A: In this case I'm more of like just echoing Bin. When Bin designed the logo, he also designed the look and feel of the menu. When I build a store, I think about transparency a lot more. So we have white and glass almost everywhere and the glass is not plastic fiber glass so you can see into our kitchen. Even if it's transparent you got to know its quality. From every material like this coaster. It's real wood. People steal them though which sucks but these are $30 coasters. Everything we do is about quality, transparency, and giving a damn. We choose everything. No store has the same coasters; we don't buy the same coasters at every store. We don't buy the same stuff because we try to make it very unique. These books at our store are all our favorite books. And these are all the books that...
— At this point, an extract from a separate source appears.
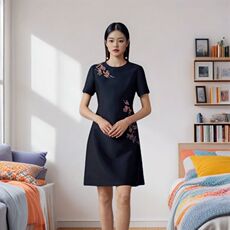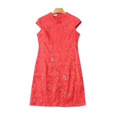 新中式立领刺绣旗袍 夏季新款时尚修身连衣裙女优雅百搭短裙01104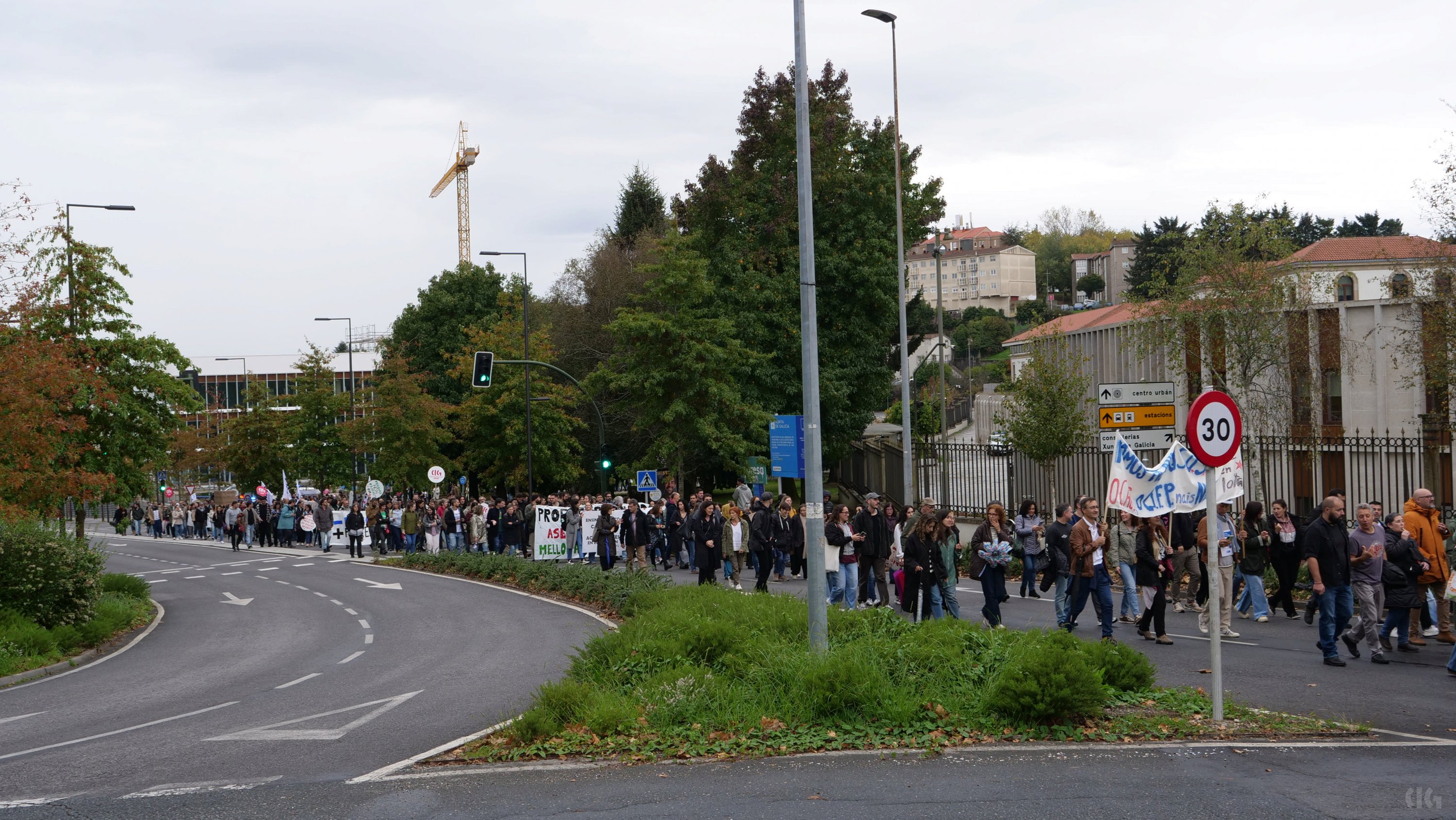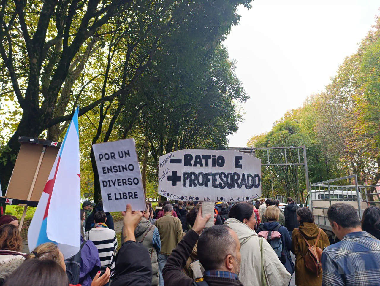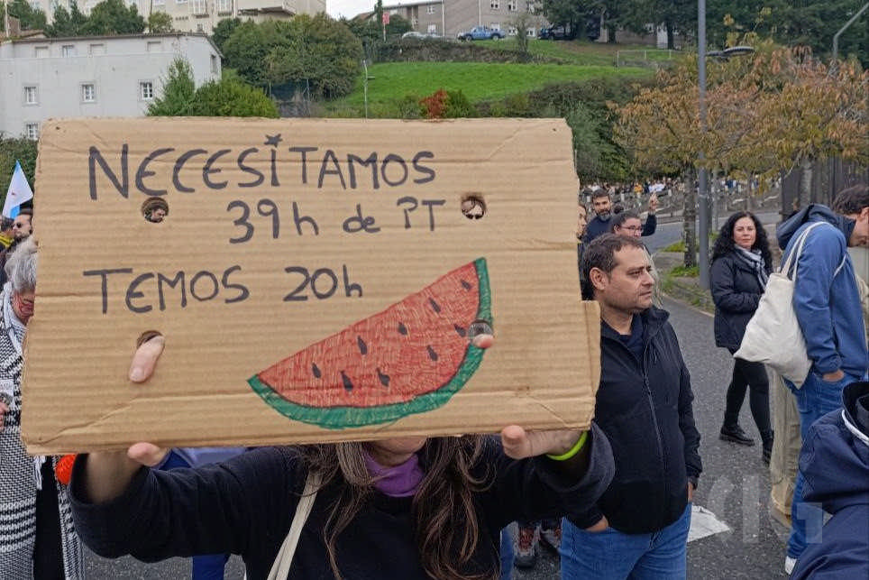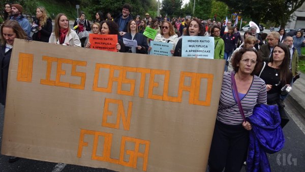 A primeira xornada da folga docente neste mes de outubro, a segunda no que vai de curso, decorreu cun importante seguimento de profesorado, á espera de que se contrasten os datos de participación a partir do vindeiro xoves. O persoal docente, que estes días estivo moi activo nos propios centros colgando faixas reivindicativas e nas redes sociais, volveu responder masivamente á chamada de “virar San Caetano”, unha acción consistente en rodear o edificio administrativo da Xunta e que ante a afluencia de persoas tivo que ver modificado o percorrido previsto.

A: And these are all the books that influenced us from you know Deukis book, Yvon Chouinard, this is the book we're talking about from Patagonia. It's our favorite book. Just everything we do is about quality, transparency gives the stores this look. If I were to say it, Bin created a canvas of timelessness, of classic. I just interpreted it as white/wood Scandinavian and Japanese and it's kind of minimalist which is how we ended up where we are.

GR: What was the biggest high and biggest low?

Bin: Definitely know the low. What's the high though? I would say that low, definitely not ton of people know it. But for us, Boba Guys almost didn't happen. That was the low.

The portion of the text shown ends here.